Regardless of the repercussions the attack left on Israeli territory, or the level of deterrence built by Iranian missiles, the audacity and significance of this action indicate that the regime in Tehran has sensed a direct threat to its national security. It has also realized the errors in its previous calculations that opened the appetite for Israel to achieve more victories toward dominance over the Middle East through terror and brute force. Netanyahu’s arrogance in power emboldened him to threaten to “change the Middle East” and the Iranian regime following the assassination of Hassan Nasrallah. This was perceived in Iran as a potential invasion threat, considering that Iran is seen as the final target in the domino effect that Israel has been knocking down since the assassination of Ismail Haniyeh in Tehran at the end of July.
The attack on the night of Tuesday, October 1, shook Israel’s image morally, not just within Israel but in most capitals in the region. It revealed that Israel is not immune to attacks that could inflict severe losses on its infrastructure; and the strategy of brutality that Israel has adopted since October 7 of last year, aimed at frightening its adversaries and Arab countries, has only resulted in greater isolation in the region, even if the normalization agreements provide it with a glimmer of hope.
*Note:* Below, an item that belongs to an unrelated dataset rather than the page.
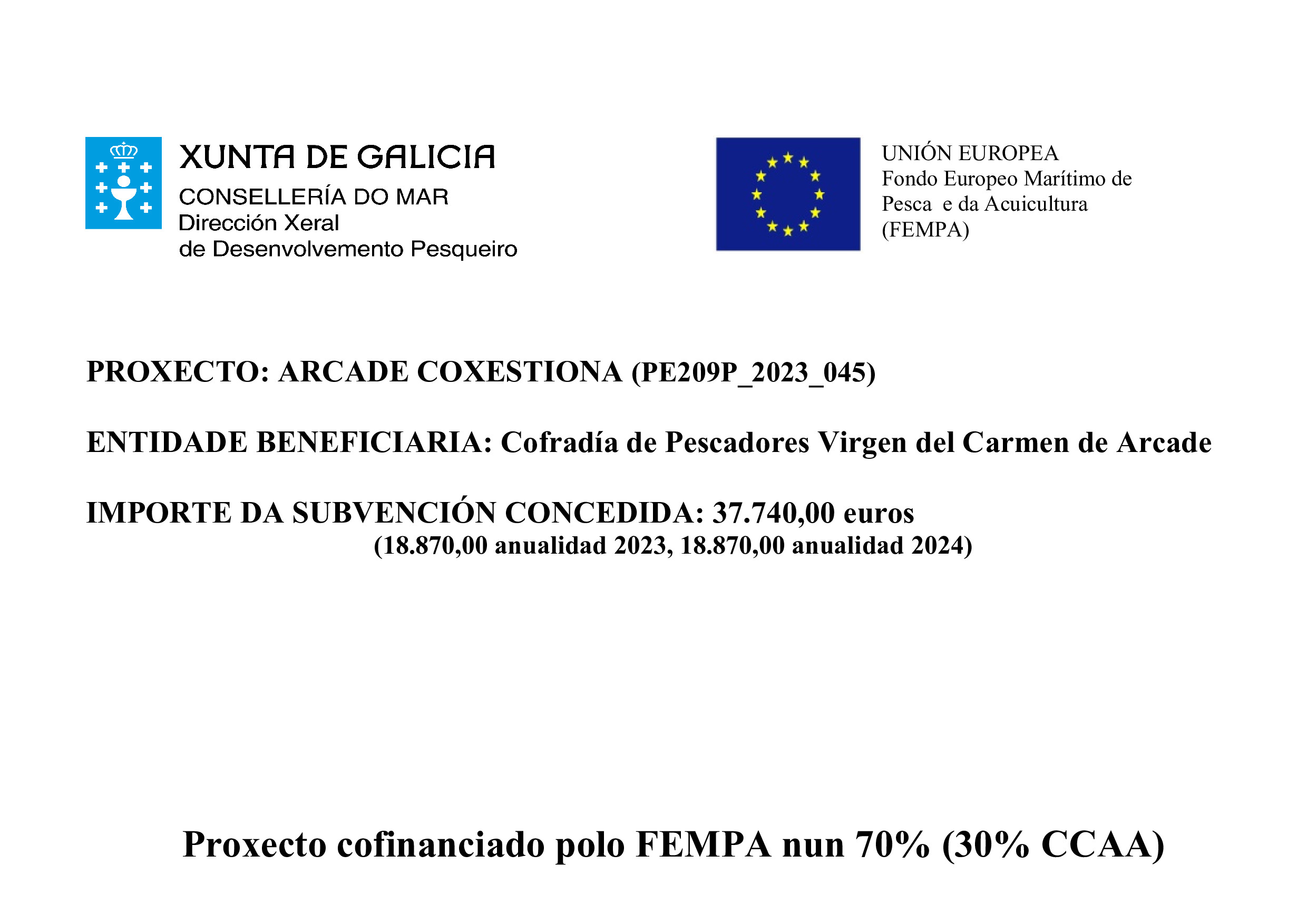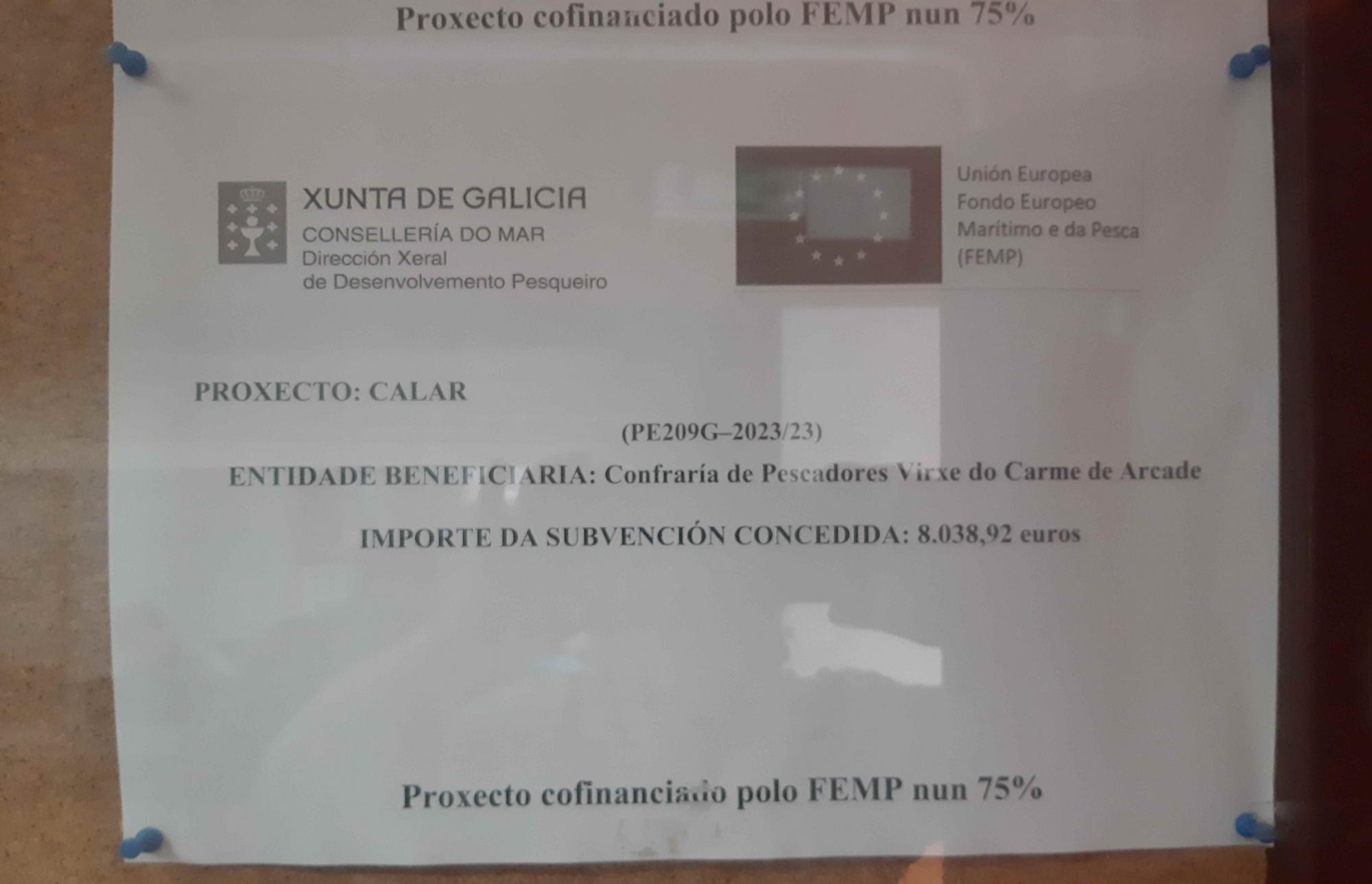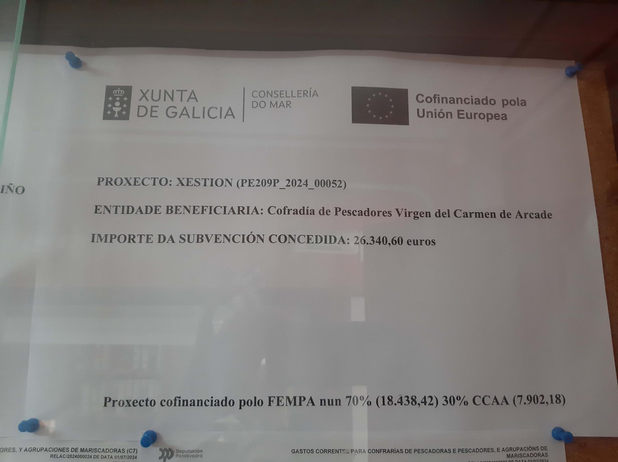 O mes de xuño do pasado 2023, ao abeiro da orde de axudas a confrarías de pescadores, federación de confrarías e agrupación de mariscadoras da provincia de Pontevedra, a Deputación de Pontevedra concedeulle á Confraría de Arcade unha axuda para melloras na eficiencia de iluminación e para adquisición de equipamento (impresora, guillotina, aspirador...) por un valor de 1.559,13 euros.

Iran aimed through its significant attack on Israel to convey several messages:
The first message was directed at the Iranian public, asserting that the regime remains strong, capable of making decisive decisions, and protecting its national security. This is particularly relevant given Netanyahu’s ambitions — supported by the United States — to change the revolutionary regime, especially after the Mossad positioned itself as a force that breached the security apparatus of the Islamic Republic.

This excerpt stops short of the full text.